Su voluntad creativa la ha llevado a realizar obras monumentales en varios espacios públicos; sus mariposas de piedra vuelan a su derredor, también las de acero revolotean sobre el río Papaloapan. Donó un proyecto a la Sociedad de Mariposa Monarca en la sierra Chincue (aunque no se llevó a cabo). Sus puertas nos abren y cierran mundos, construidas en diferentes materiales, y nos toma de la mano como el Dante para conducirnos al infierno, al purgatorio o al paraíso.
Sus nubes de mármol invaden el Museo de Arte Moderno. Los temas de su trabajo son como su vida misma: múltiples, y nos llevan a una lectura de su biografía, de su laberinto personal. El siglo XX fue su gran recipiente.

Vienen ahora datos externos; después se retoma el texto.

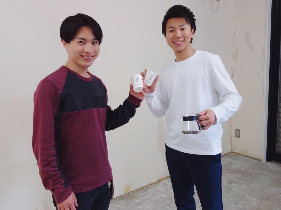 左側が創業を手伝ってくれてる山形くん。右に立っているのが私です。
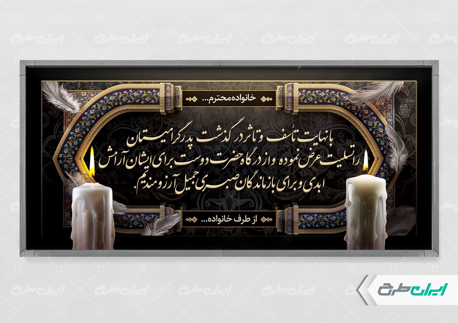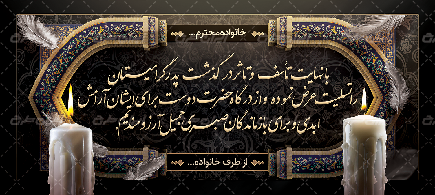 طرح بنر تسلیت ، توسط تیم حرفه ای ایران طرح جهت استفاده کاربران سایت طراحی و به صورت لایه باز در دسترس کاربران قرار گرفته است.
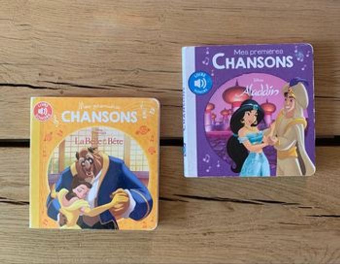 Lot 2 livres sonores mes premières chansons de Disney Aladdin et la belle et la bête état satisfaisant
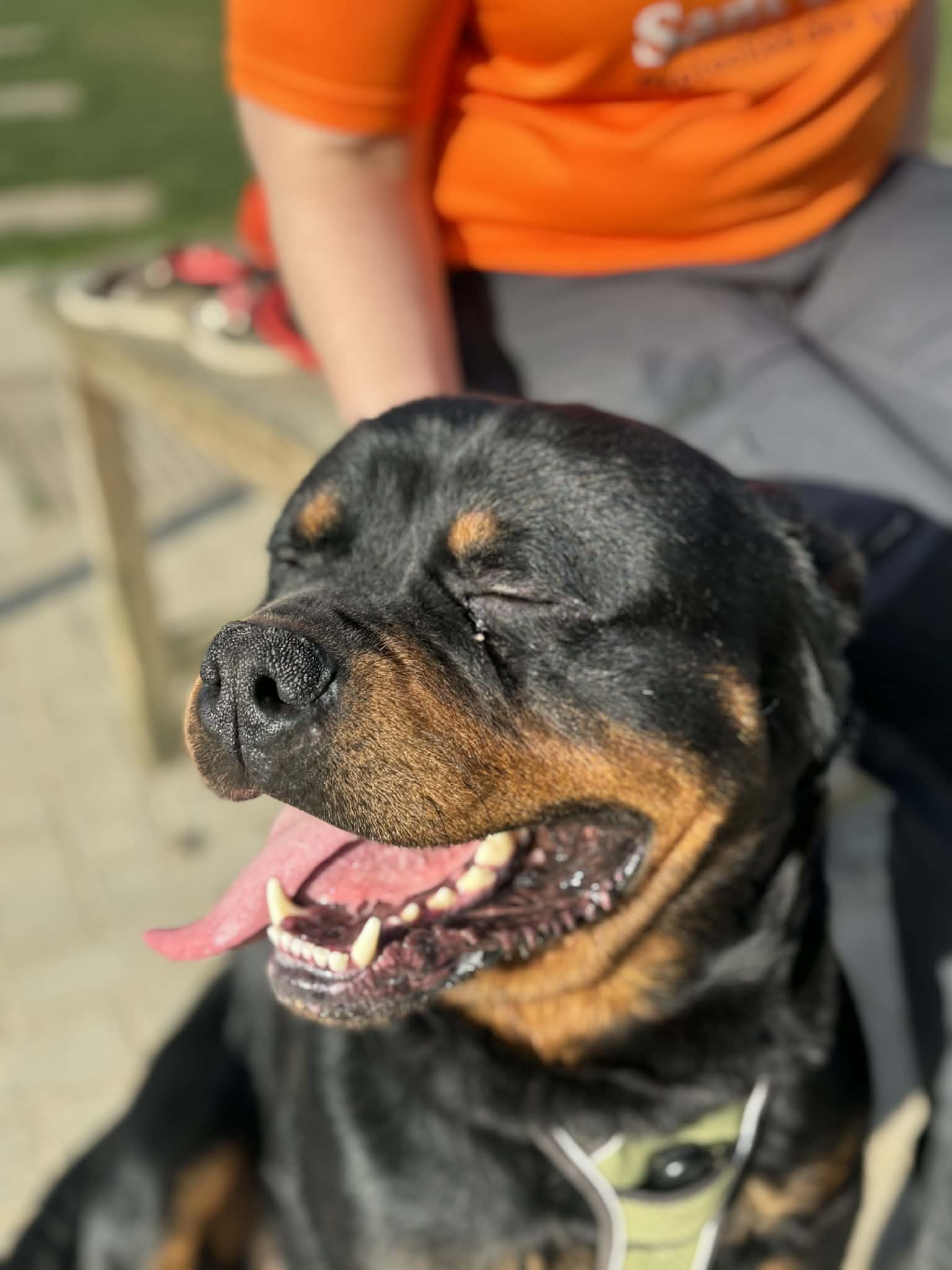 Concernant les promenades, Aslan sortait occasionnellement en balade, il apprécie prendre le temps d’explorer son environnement mais a quand même de la force. Il peut se montrer réactif face à certains stimuli. Par le passé, il réagissait notamment envers les animaux de ferme, comme les chèvres. Au refuge, il peut également réagir face à certains congénères ou aux voitures. Néanmoins, il montre déjà de belles capacités d’apprentissage : le simple fait de lui laisser observer calmement son environnement l’aide beaucoup, et avec du travail, il pourrait progresser rapidement. Il aura donc besoin de temps, de patience et de bienveillance pour travailler la gestion de ses émotions.
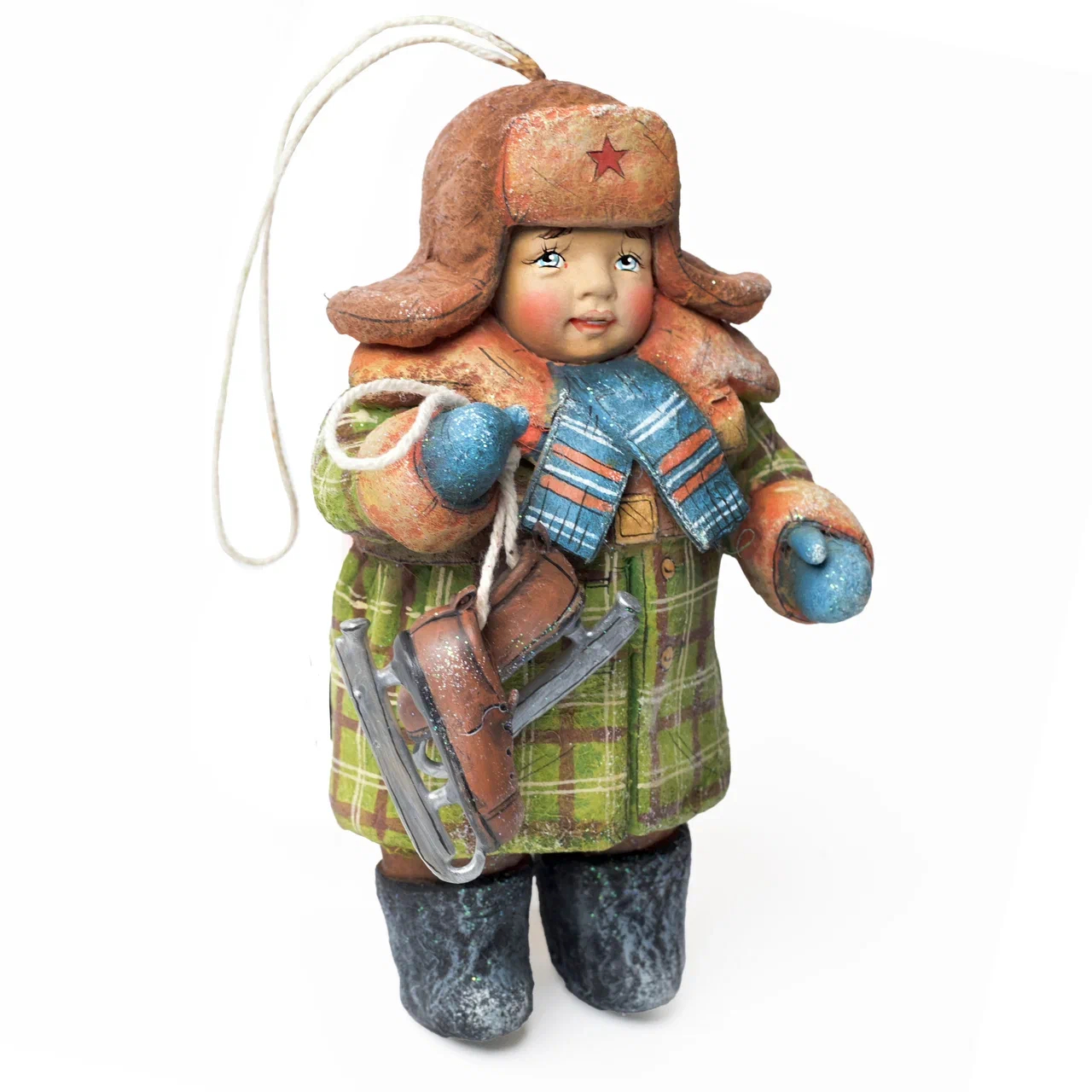 Коллекционная елочная ватная игрушка "Марк с коньками" из коллекции "Зимние забавы"
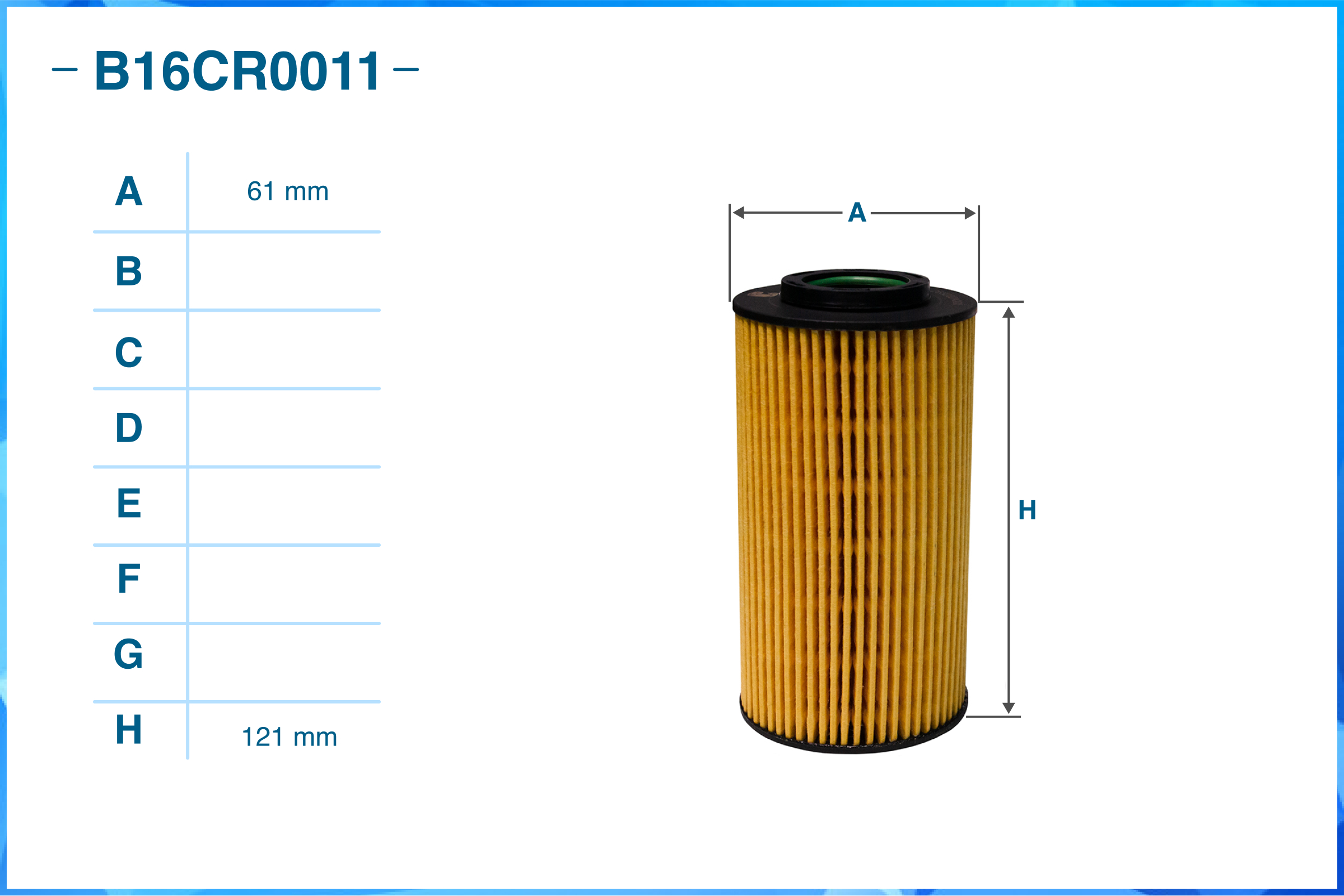 | Наименование | Фильтр масляный элемент B16CR0011 |
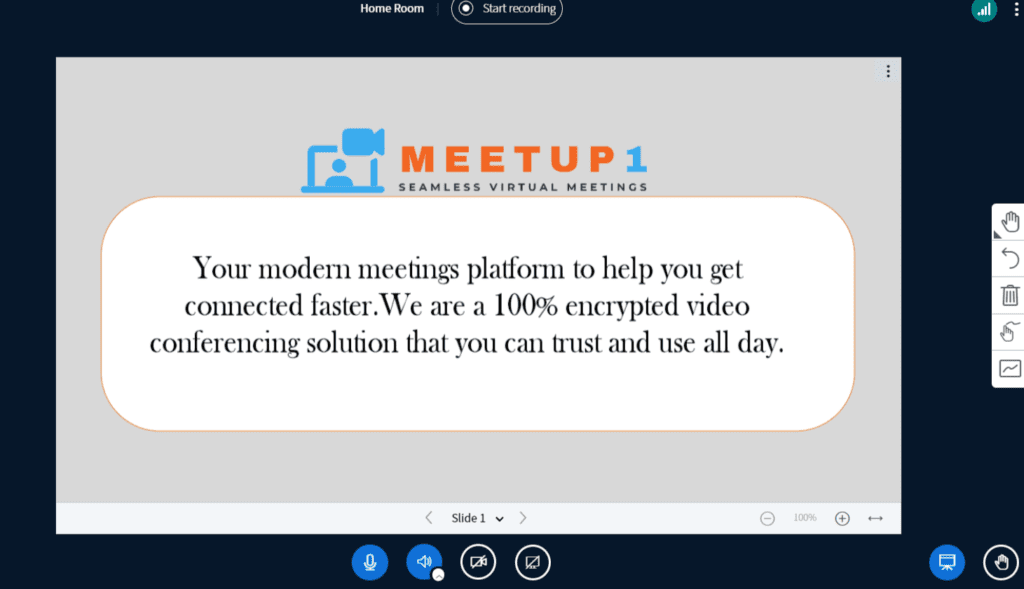 The presenter annotations are located to the right hand side of the presentation display in the Meetup1 interface.
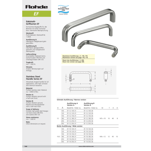 En acier inoxydable Poignées étrier esthétiques pour toutes les zones soumises à une sollicitation par corrosion ou par des substances chimiques.
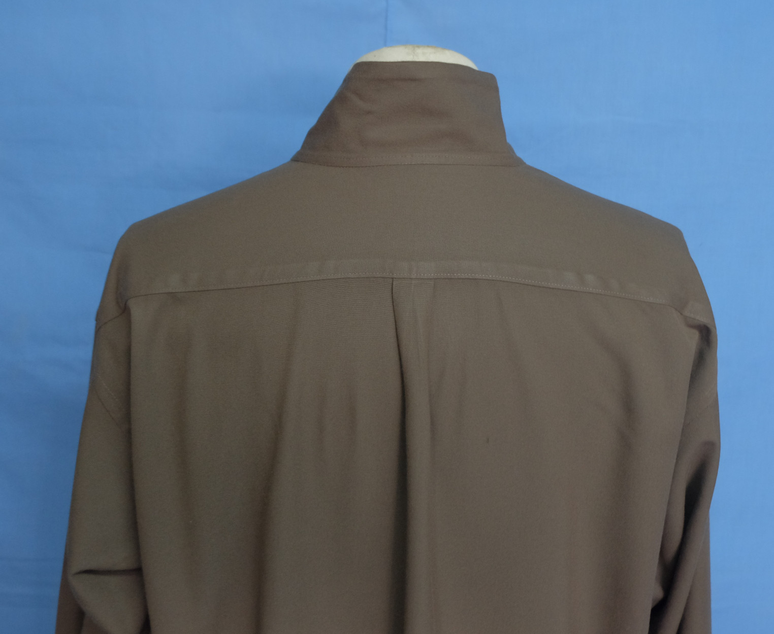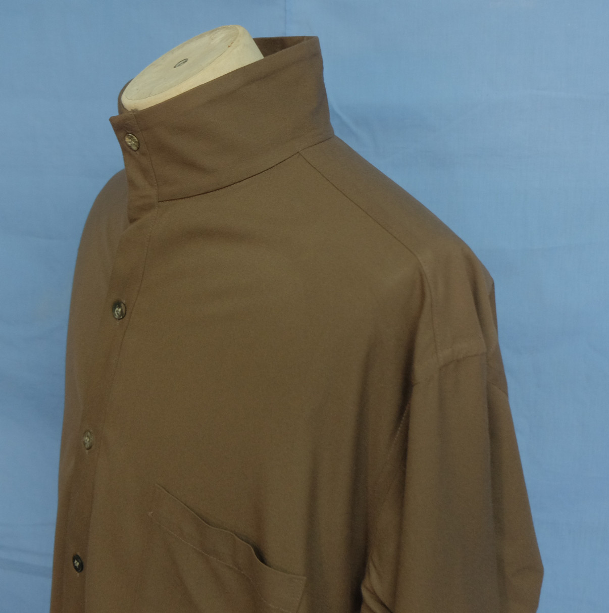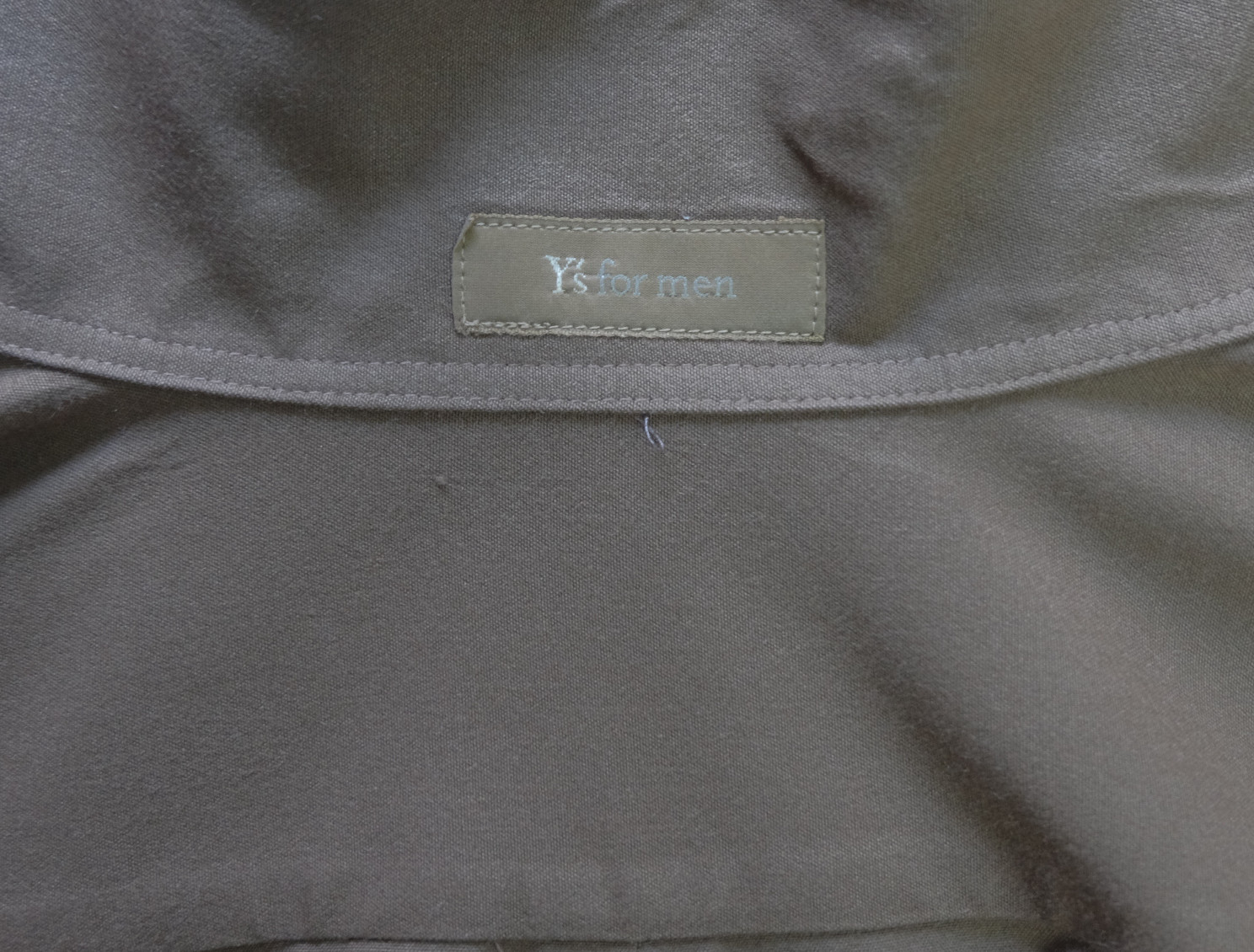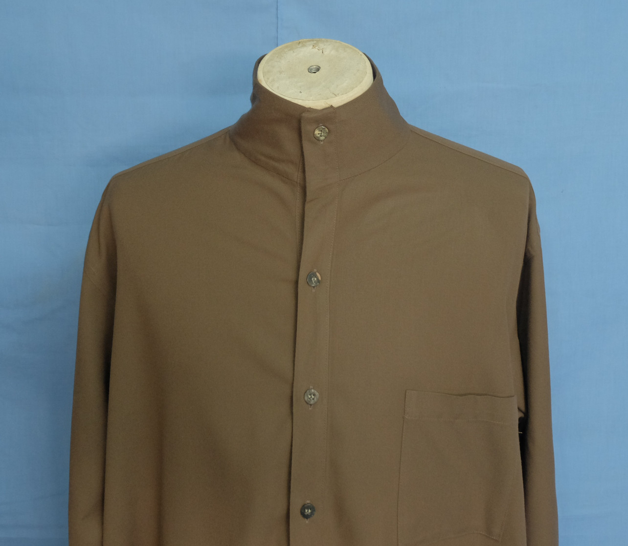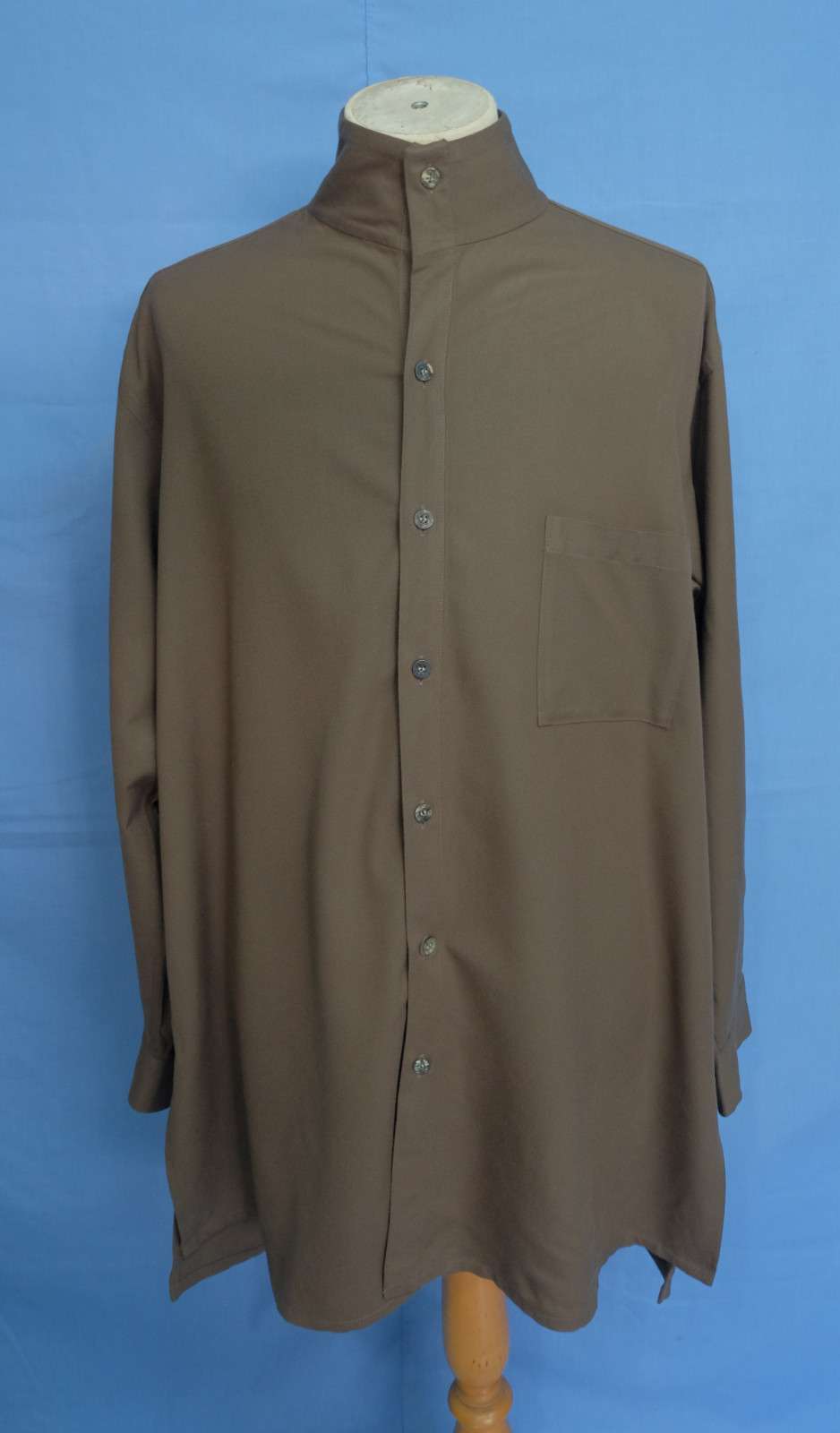Excellent Yohji Yamamoto Y's for men collarless brown acrylic men's casual shirt long sleeves with buttons front authenticity guaranteed. The shirt is pre-owned still in excellent condition, there are no holes, tears, stains. It has been laundered clean and fresh ready to wear. The shirt has collarless, single chest pocket on left with 7 mother of pearl buttons closure on front. The color is brown with solid pattern. Fabric is 100% acrylic. Don't miss out cool and awesome shirt.

Sola en su soledad a solas, llena de un espíritu que la trasciende, ajena a todas las mafias y las corrientes, nos ha dejado su vida en sus obras, en esta ciudad que todo devora, como la diosa de la tierra Coatlicue, ese animal insaciable.
La Medalla de Bellas Artes fue un honor merecido; honor sería también estar presente con su trabajo en la conciencia de los jóvenes en este mundo masificado y globalizado, que ha tratado de borrar la historia del arte de este país lleno de tesoros. México ha abierto las compuertas a la globalización, a las corrientes internacionales de la moda y el espectáculo.
Ojalá los jóvenes conocieran el gran rigor de su obra. El nombre de Ángela Gurría debería estar a la par de las grandes escultoras en el mundo internacional, como Barbara Hepworth, Louise Nevelson o Louise Bourgeois.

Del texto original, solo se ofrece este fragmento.